Paris was filthy, and not in the way a small rat like himself would usually enjoy. It wasn’t useful garbage, just garbage garbage. Actual trash that had no use and was just in the streets, making the air so toxic he thought he was going to die until Ren had pulled him into a nearby sewer.
“When a literal sewer smells better than the streets, you know it’s a problem.” Martyn complained, taking in a breath of ‘fresh’ air.
“You’ve got that right, me laddie.” Ren agreed. He stood up, flaring the tail of his coat, and held out a hand to help Martyn stand upright.
“You know, when my wife was still around, I was worried she didn’t have a sense of smell from how she never reacted to anything foul…” Ren continued to ramble as they walked forward.
Martyn nodded along politely, his eye twitching from having to listen to the other rat talk about his dead wife for what felt like the millionth time. He had gotten pretty used to tuning out the actual content, but Ren’s voice felt like a record scratch that repeated over and over again. A part of him wanted to punch the guy in the throat to finally get some quiet, but he hated silence more than he despised Ren’s obnoxious voice.
After being stuck in what felt like an empty void for years, he welcomed any sort of reminder he was a rat. He thrived when he felt overstimulated, because it reminded him he was alive. Every time his foot fell asleep, the tingle from the blood rushing back that felt like a needle, was embraced with open arms until it was gone.
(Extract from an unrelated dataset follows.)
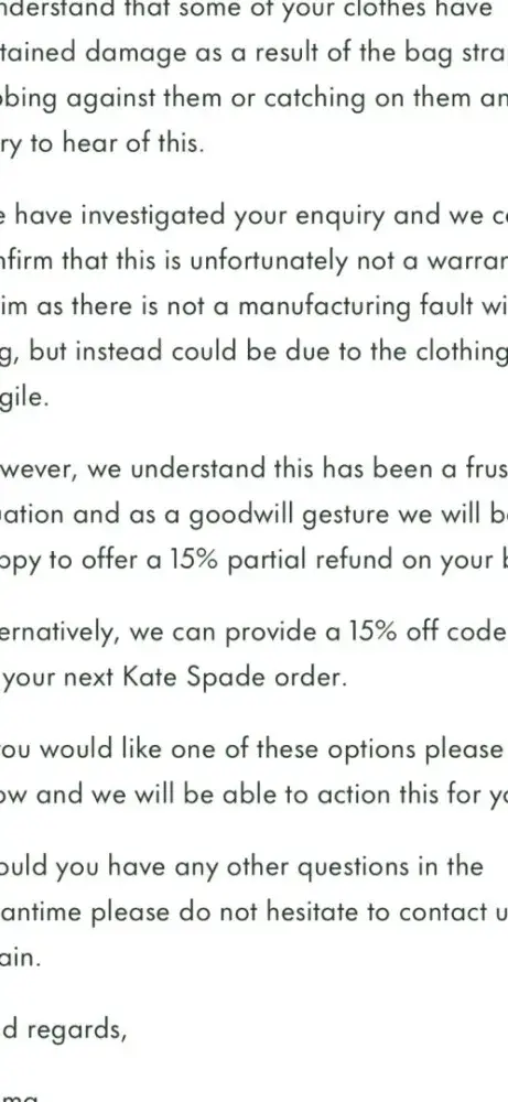 Feeling super disappointed for Kate Spade customer services.
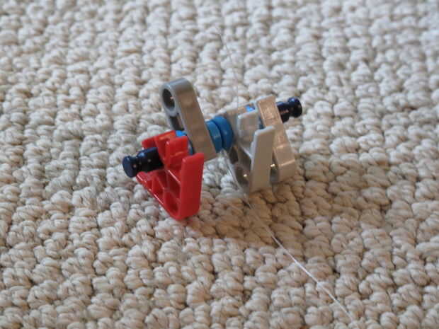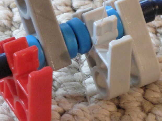 Obtener la cadena. Puede ser cualquier tipo, siempre y cuando no es elástico (yo usé sedal). Asegúrese de que tiene la misma longitud de lo que dice en la lista de piezas. Cuando se ate en la barra azul, ponerla entre los dos espaciadores azul. El otro extremo no debe estar atado a nada todavía.

He would never admit how badly it had affected him. The void had been unforgiving and a different kind of torture. He didn’t mind this life as a rat, even if Martyn has had to endure the likes of humans trying to kill him or keep him as a pet. He could recall the feeling of shoving his fingers down his throat in order to choke back up the rat poison he had ingested from food the humans didn’t even want anymore. The taste of bile would sit in his mouth for days, never going away despite how much water he drank. Most rats couldn’t actually choke, but he could for some reason. Always the survivor, it seemed.
“Martyn?”
He felt himself come back to his body, not entirely but enough where he could at least pretend to be okay.
“I’m here, I’m here.” Martyn laughed, but even to his own ears it sounded hollow. It was an echo of a plea, wanting comfort but not willing to beg for it. Even if he begged for it, he was certain Ren would never allow him the comfort. They certainly had not.
Martyn could tell Ren was suspicious, but wouldn’t push the matter. For how much the guy talked, he was glad the other rat knew how to mind his own business.
Ren gestured up ahead, bright lights spilling from the ceiling a few feet above them. Martyn noticed it was a sewer grate, it seemed they had finally reached the main city. Paris wasn’t small by any feat, especially by human standards, but for a small rat like himself it may as well have been the whole world.
“Think we can get up there?” Martyn asked. He stopped just under where the light was coming from, holding a hand above his eyes to prevent the light entirely taking over his vision.
Ren contemplated the space as well, his sunglasses thankfully saving his poor eyes. “I could attempt to boost you up?” He offered, motioning for Martyn to come closer.
Martyn walked over, rolling his eyes as Ren squatted down and helped Martyn stand on his shoulders. One Ren had a firm grip on his ankles, he stood to his full height, just barely enough for Martyn to push the heavy grate up.
“You better not drop me,” Martyn warned, already feeling his legs shake from the uneven distribution of weight, and doing a quick look over the room they had seemingly stumbled upon.
From the quick one over, it seemed the two of them had stumbled upon a rather luxurious bathroom. White linoleum tiles, a porcelain tub spanning the entire wall, and a sink with gold trim running along the edges.
“Coast is clear.” Martyn called down to Ren, pulling himself up and onto the floor with what he would pretend was grace.
Once his feet were on solid ground, he moved the grate so it had an opening big enough for Ren to pull himself through, then helped up his traveling companion.
“Thank you, me laddie.” Ren nodded to him, helping him push the grate back into place.
He looked around with what appeared to be mild interest, but after the months Martyn had spent with him, he could tell that Ren was enraptured by the space. Not that he could blame him, it was quite a fancy bathroom.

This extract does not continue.